I mean, just compare them, to then and now? Let's find a decent matching variable, uh.... Oh, here we go, we'll have to go with "The Voice" winner here, that's an even better example.

So, here's a Junior Vocalist battle on "Star Search" between Tatyana Ali and Alisan Porter, because, yes, Curly Sue beat Ashley Banks on "Star Search" 'cause that's kind of the surrealism that keeps the show interesting 20 years afterwards. But also, here:

here's Alisan Porter, auditioning for "The Voice" last year. Now, say whatever you want about the performance, but it's the framing that's I want to discuss. Cause essentially, it's the same thing, singer performs, judges judge, and the show goes on. But "Star Search" focuses on the performer and performance, "The Voice," is about the judge's reaction to the performance. Now, "The Voice" has a conceit where it makes sense, and makes it far superior than it's competition, but still, the judge's react and then we find out about the person performing and their story involving their "journey" into getting there, and sure, if you know about Alisan Porter's past, which, believe it or not I did know about before she made this comeback,  suddenly it's not so much she can sing, it's who she's gonna sing for, what's making her sing, why is she singing, isn't it so great that she can sing so well, and now she's gonna be on this other great singer's team of singers.... Again, they're better at layering all this drama onto this than "AGT" is, or some of the other shows, but, why do they need to do that at all? I mean, that's the whole conceit of "The Voice", the judges know nothing and they turn their chairs for a great singer, but essentially, that's just "Star Search". We know nothing about them, except they performed and they're talented, let's judge the talent.

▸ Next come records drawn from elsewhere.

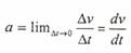 وتكون إشارة متجه التسارع موجية أو سالبة اعتماداً على إشارة متجه التغير في السرعة. كما أن التسارع الآني يعرف على أنه غاية أو نهاية دالة معدل التسارع عندما تقترب t∆ من الصفر ويساوي المشتقة الأولى لدالة السرعة بالنسبة للزمن حيث:
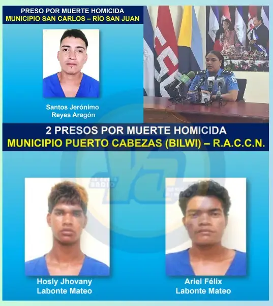 Hosly Jhovany y Ariel Félix, ambos de apellidos Labonte Mateo, fueron capturados por estrangular a Argentina Mateo Ronas, el jueves 13 de febrero del presente año, en la comunidad de Sangnilaya, en Bilwi, Puerto Cabezas, Caribe Norte.
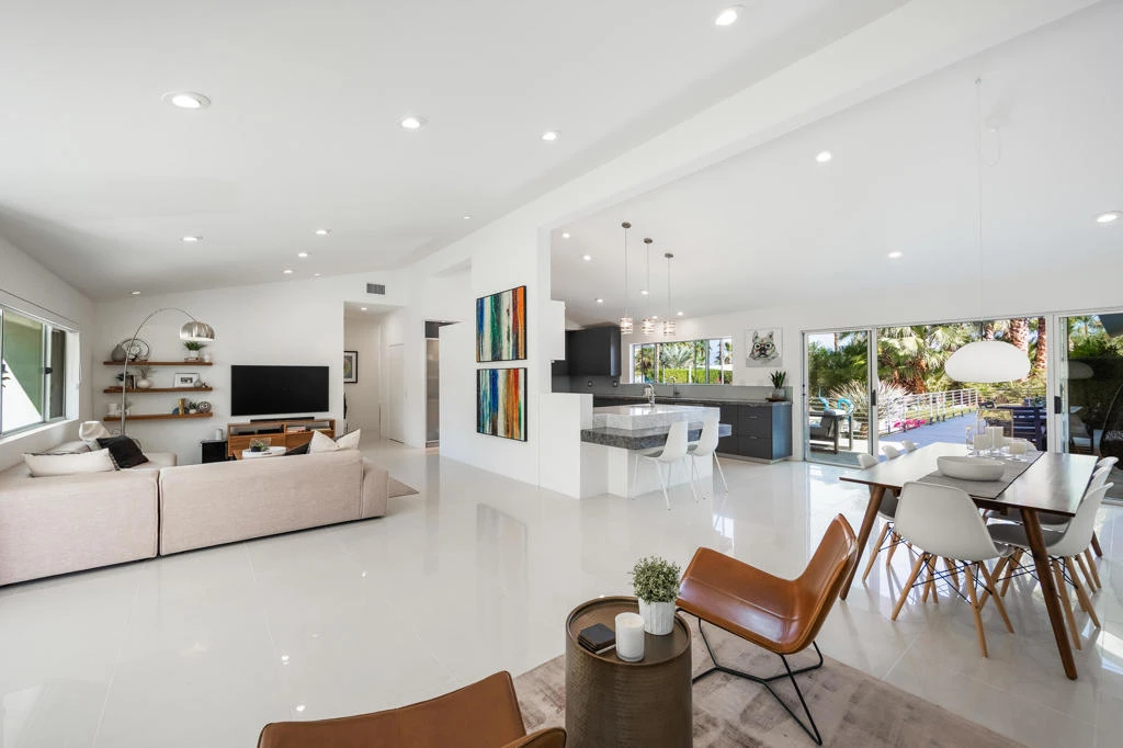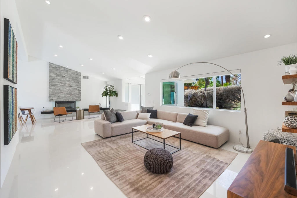 Experience exceptional desert living in this stunning Magnesia Falls Cove retreat. Nestled on over 1/3 of an acre behind private gates, this 3,315 SQ FT Rancho Mirage home offers unmatched privacy and panoramic mountain views. Featuring 3 bedrooms plus a versatile office/den that could easily convert into a 4th bedroom, along with 3.5 bathrooms, the flexible floor plan is ideal for modern living. Enjoy sleek contemporary finishes throughout--quartzite countertops, stainless steel appliances, spa-inspired bathrooms, double-pane windows, and a floating fireplace. The open-concept design is perfect for entertaining indoors and out. Step into your own resort oasis with a sparkling pool and spa, multiple lounging areas, fire pit, built-in BBQ with sink, outdoor shower, and breathtaking desert scenery. Upgrades include owned solar, updated HVAC, tankless water heater, and a whole-house water filtration & softener system. Located in one of Rancho Mirage's most coveted neighborhoods, this home is the perfect blend of style, comfort, and serenity. A rare opportunity you don't want to miss!
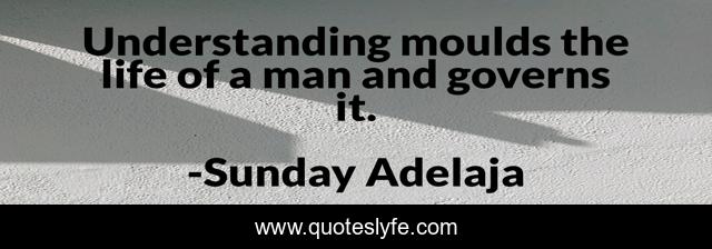 This page presents the quote "Understanding moulds the life of a man and governs it.". Author of this quote is Sunday Adelaja. This quote is about moulds, governs, understanding,.
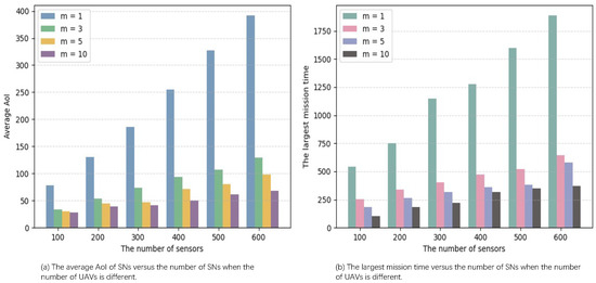 Figure 9a,b show the average AoI and the largest mission time when the number of SNs increases from 100 to 600 by 100 under different numbers of UAVs, respectively. It can be seen that both the average AoI and the largest mission time gradually increase as the number of SNs increases under any number of UAVs. This is because, as the number of SNs increases, the number of data collection hover points visited by UAV increases. The number of SNs required to be served at each data collection hover point also increases, and the corresponding hovering time further increases, which will increase the average AoI of all collected data after the UAVs return to the BS, and the total mission time of the last UAV returning to the BS becomes longer.
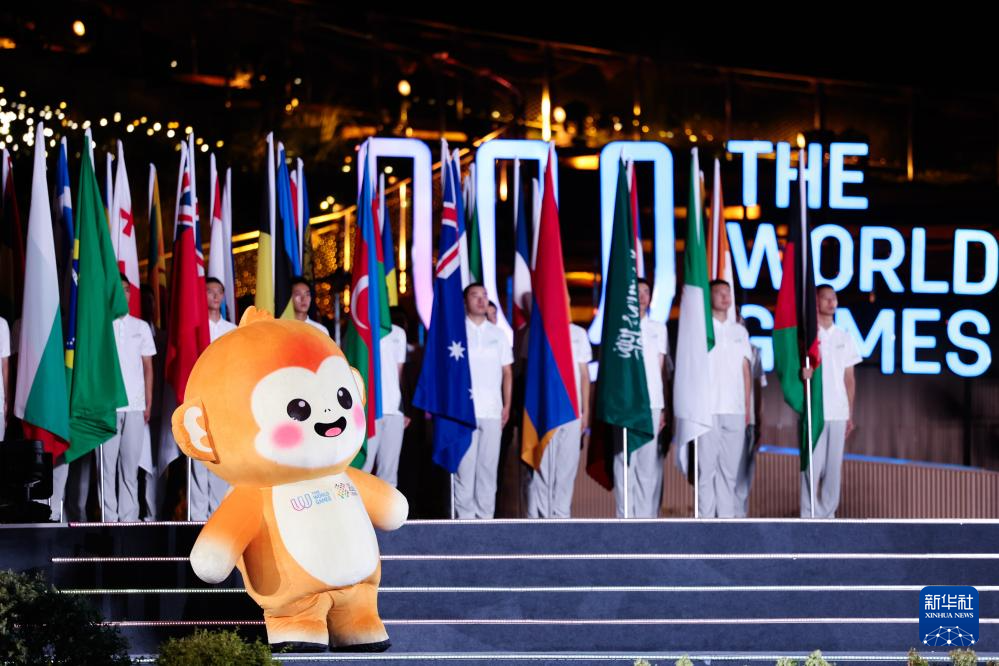 8月17日,本届世界运动会吉祥物“锦仔”在闭幕式上入场。

So, imagine this formula, was on a regular television? A sitcom or drama series for instance, there's this group of main stars and talented people come in and out of these main stars' lives, and throughout the show, we see these stars performing, and doing well and coming in and out of these stars lives, and they each have a story to tell and share, and then, at the end of the night, we're stuck with the judges and their reaction to everything these other people did. This isn't that out there by the way, I mean, there's still "Guest Star of the Week" shows even today that are essentially like that if the talent was just acting, think "The Love Boat" or certain seasons of "Law & Order: SVU",  but when it's only about seeing what they do, at some point, somebody's gonna ask, "Hey, we got all these talented people doing talented things coming in, why do we need the Leads; let's just have a show where the guest stars just show off all their talents? And then somebody says, "Well, what do we do with the lead guys then, they're contractually obligated to be on this show?" "This show? They can announce the guests and point to them when it's their turn?"

(Shrugs) Maybe Ed Sullivan was on to something, just point and show the performances and people would watch? At least, that might be the best way to fix these shows today. Let's face it, reality is more-or-less "contrived reality" as it is, and that's fine in it's own way and circumstances, but it's, probably not the best way to show off the talent in a talent show.